As the massive losses and trauma of the 2023 West Maui fires continue to send shock waves through the state, the disaster has also created a sharp awareness — and healthy fear — of fire’s potential danger to Hawaii’s communities.
Around the state, akamai residents are taking action, productively banding together to make their own neighborhoods more safe. Cooperation is key — and each new initiative is encouraging.
In East Honolulu, neighborhoods have banded together for their own self-interest, and this year worked with the nonprofit Hawaii Wildfire Management Organization (HWMO) to create the East Honolulu Community Wildfire Protection Plan. These wildfire protection plans, customized to a community’s risk profile, identify fire risks and prioritize actions to mitigate them.
HWMO looms large as a presence in community fire-safe efforts. It began working with Livable Hawaii Kai Hui in 2017, after the Kamilo Nui fires, establishing Oahu’s first “Firewise” community. To earn and keep a Firewise designation, communities must commit to establish and maintain programs that reduce fire risk, such as firebreaks and clearing dry vegetation. Additional East Honolulu communities and Lanikai are in the process of becoming Firewise-recognized.
The Community Wildfire Protection Plan (CWPP) program, which is coordinated by HWMO in partnership with the state Department of Land and Natural Resources, is a key method for communities to establish safety practices appropriate for conditions at their locations. HWMO is currently working on CWPPs with several communities on Hawaii island; planning in Upcountry Maui, Molokai, Lanai and Windward Oahu areas will follow.
The U.S. Forest Service provides grant funds for Hawaii communities to prepare CWPPs, and in May, U.S. Sen. Mazie Hirono announced that Hawaii would receive more than $5.6 million to help at-risk communities create or update their plans.
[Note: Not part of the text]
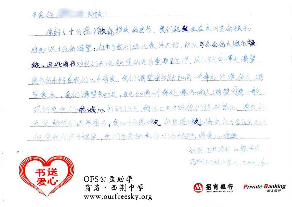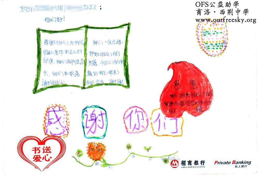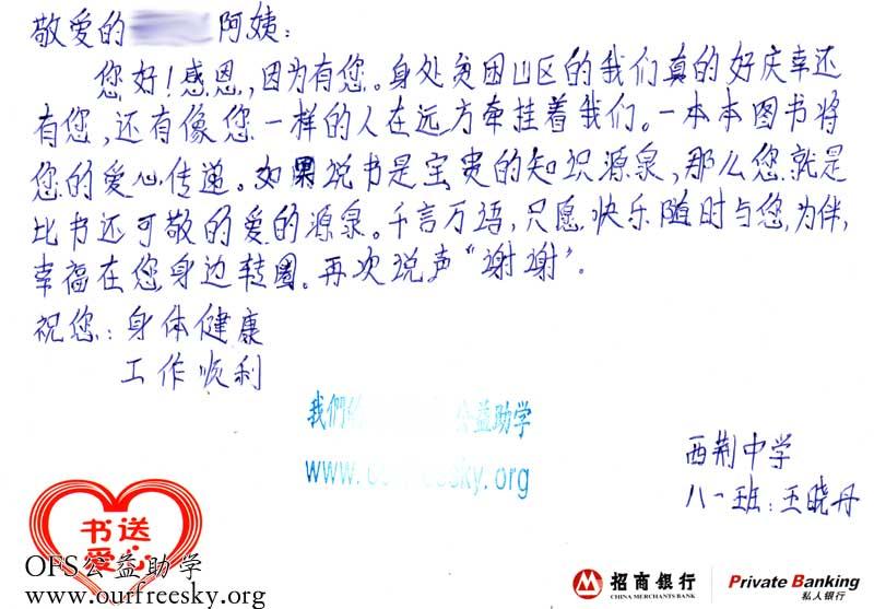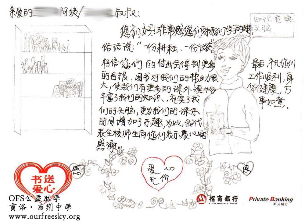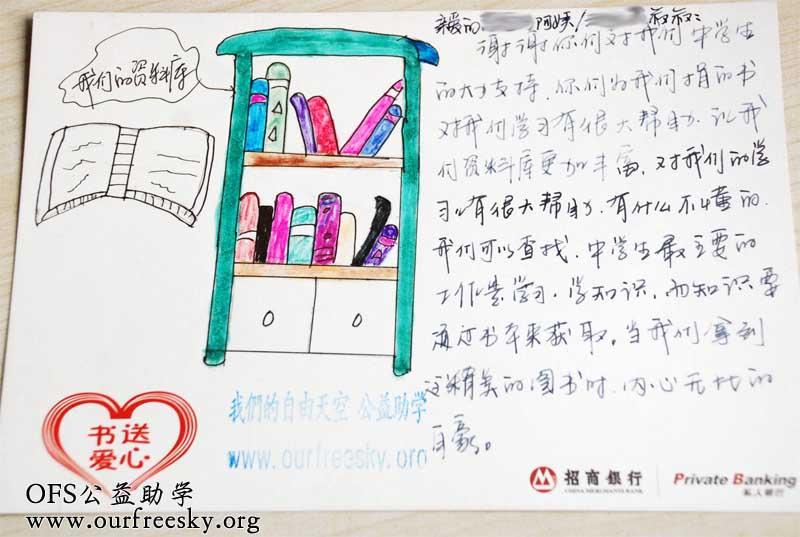 第一期“书送爱心”活动收到的感谢卡,来自陕西省商洛市商州区西荆初级中学:

Elizabeth Reilly, president of Livable Hawaii Kai, told the Star-Advertiser that CWPPs can jump-start community participation — and back up additional grant funding. One place to start: Communities must call for a renewal of state support for Firewise programs, reversing a lamentable failure to provide $1.5 million in hoped-for state grant-in-aid funding for Firewise programs last time around.
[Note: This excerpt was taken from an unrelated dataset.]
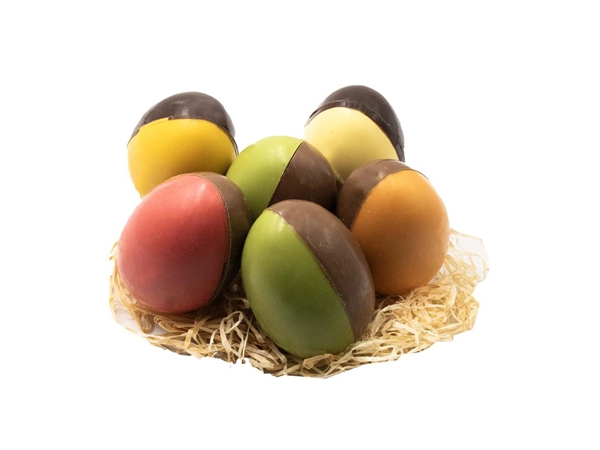 Zak met 6 chocolade paaseieren. Leuk om te verstoppen!

“It would be great if more neighborhoods would become designated Firewise communities,” Reilly said. “The only way to really get a handle on this is for the average resident to not be complacent.”
She’s right about that. If Hawaii wants to achieve a high degree of fire safety, community leadership and participation will be needed.
The Department of Hawaiian Home Lands (DHHL) has taken the initiative to begin a fire-safety campaign for its homestead communities, especially those built before current safety standards were established. DHHL sponsored a symposium for homesteaders statewide on Aug. 23, with discussion of protective measures and talks with fire survivors. DHHL also is developing a master plan detailing fire-safety measures across its holdings, says DHHL Director Kali Watson.
In Kula, after wind-driven wildfire burned 19 homes and over 1,000 acres on Aug. 8, 2023, many of the fire survivors became leaders in the Kula Community Watershed Alliance, taking action to restore damaged lands and to reduce fire risk in the future.
The group has launched two actions: the Kula Fire Restoration Project, “stabilizing and regenerating the disturbed soil, restoring and protecting site-appropriate native flora and fauna, and stewarding the long-term vitality of the lands”; and the Kula Fuels Reduction Project, converting lands overgrown with invasive species to native tree canopies, which naturally hold water and reduce fire risk.
Households in neighborhoods that have not yet pursued fire-safety efforts must now take inspiration from these actions, and call for localized CWPP and Firewise programs throughout Hawaii.